Really Cheap Websites

There are a number of websites that offer to build you a really inexpensive website if you're willing to do some of the work. Most of these have proprietary software behind them that let you build the website by selecting backgrounds, layouts, and fonts, entering your own text and images, and then activating them. As with anything, they have their good points and their bad points.

The good points are obvious -- low cost and a quick route to an active website.

The bad points are less obvious: The least obvious to most non-techies is that you're usually married to the company that runs the build-it-yourself website. Since it's built on proprietary software, you can't pick up your website and take it somewhere else as you can with a website built with traditional HTML. Well, actually, it can be done, but it can be fairly complex. In fact, you'll need a good website developer to help you. And since dotcom companies can go under without warning, we recommend preparing for that eventuality by downloading the entire site so that you have something for the web developer to work with if it becomes necessary. Remember to download a new copy any time you change the site.

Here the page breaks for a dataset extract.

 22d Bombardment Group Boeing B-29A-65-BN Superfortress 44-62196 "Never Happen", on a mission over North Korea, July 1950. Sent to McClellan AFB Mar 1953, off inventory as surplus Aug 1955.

The other major bad point is that your website is limited to what the building site supports. If you want a feature they don't support, you're out of luck unless you can convince them to add it to their features. There are a few situations where you can get around that -- e-commerce, for example, can often be done on an external site and made to look like it's part of the main site.

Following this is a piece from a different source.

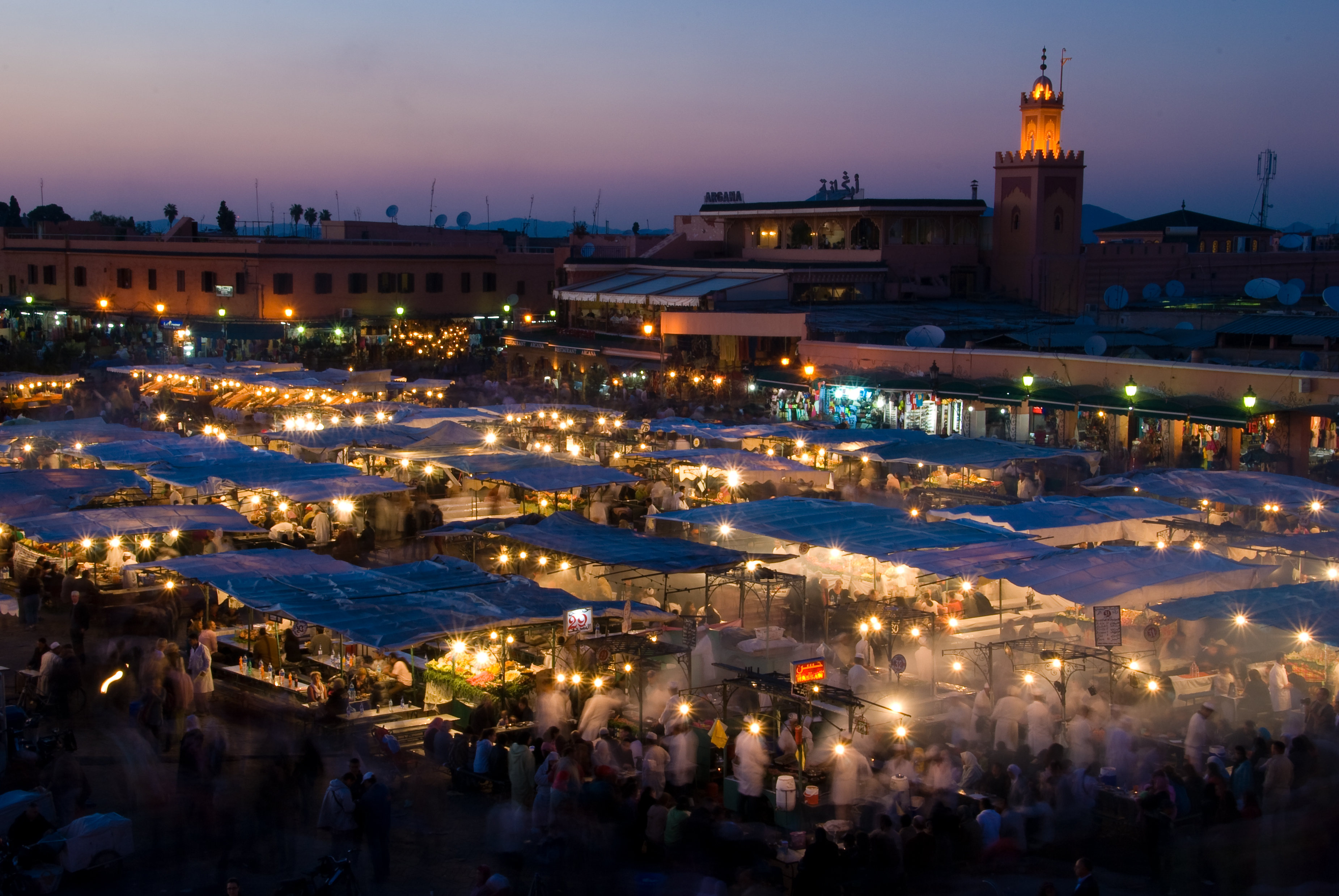 The whole set from Morocco

Doing Your Part to Keep the Internet Going

Once upon a time, keeping your version of Windows patched was strictly for your own benefit -- it would protect you against some viruses and it might make your system work a little better in certain situations. That time has passed. Keeping your system patched is now part of your responsibility as a user of the Internet. Why so? Consider this scenario: Someone discovers a vulnerability in the Windows operating system. They send out email with a virus that takes advantage of this vulnerability. Some percentage of naive users open the attachment and infect their system (because the number of Windows systems on the Internet is huge, even a small percentage is a large number). It causes no obvious problem on the infected machine, so nobody notices at first. What it has done, however, is transform that machine into a remote attacker just waiting for the right trigger signal.

When that signal arrives, all the infected systems attack at once. Usually the attack is aimed at bringing down a specific website -- thousands of systems send a request to that website, it is overwhelmed and soon crashes. But this attack does much more -- frequently, whole sections of the Internet will be slowed or even stopped by the sheer volume of the messages. Other sections of the Internet try to pick up the load and become overloaded, slowing the whole Internet to a crawl. For many users, the Internet becomes useless until the attack dies down and systems recover, which could take hours or even days.

In many, maybe even most, of these cases, the virus would not have been able to take control of a machine if it had been patched. And also in most cases the patch was available before the attack took place -- in one case the patch was available a couple of months before the attack. Unfortunately, many users don't bother to patch their systems, even though the patches are available free of charge from Microsoft's website, and can be installed quickly and easily using Windows Update.

Is it Microsoft's Fault?

Microsoft certainly could have designed Windows to be less vulnerable. Note that the operative words are "less vulnerable." An operating system is enormously complex, and there is no way to design one without some vulnerabilities. However, that doesn't change our responsibility as Windows users to keep it repaired. After all, if you buy a car that has repeated brake problems because of a poor design, you still fix the brakes when they fail, don't you? As consumers we should certainly insist that Microsoft make newer versions of Windows less vulnerable. But in the meantime, we have the responsibility to keep our current systems patched.

Is Linux Better?

Not necessarily better, but certainly not as attractive a target for virus writers. In the screwy world of virus writers, more havoc and publicity confers more status. So knocking out a small percentage of the Linux systems on the Internet wouldn't cause the havoc and publicity that knocking out the same percentage of Windows systems does. In case you're wondering, Linux has been found to have vulnerabilities and has needed patches. But with relatively few systems out in the world, nobody gets very excited about it when it happens, and nothing serious happens if a percentage of Linux users don't install the patch. If Linux begins to really challenge Windows' hold on the consumer market, our bet is that the script-kiddies of the world will take notice. They will find ways to attack it, and then Linux patches will be necessary.

There is an easy solution

To their credit, Microsoft does provide an easy way to download and install patches automatically as they become available. We can already hear some of you techies objecting that some of the patches have proven problematic and caused problems to some systems. We know that. But the number of problematic patches has been small and is frequently an interaction between the patch and certain system designs, so most users will never see one. And generally a patch can be removed if it turns out to cause a problem with a specific system. If you have Windows 2000 or Windows XP, Automatic Update is already installed (it's in the Control Panel) and only needs to be enabled.

So remember: Patching your operating system is no longer optional if you want to be a responsible user of the Internet. Yes, this goes for Linux systems owners too -- as the number of Linux systems grows, the impact of not patching them will grow accordingly.

Thanks for joining us this month. See you next month.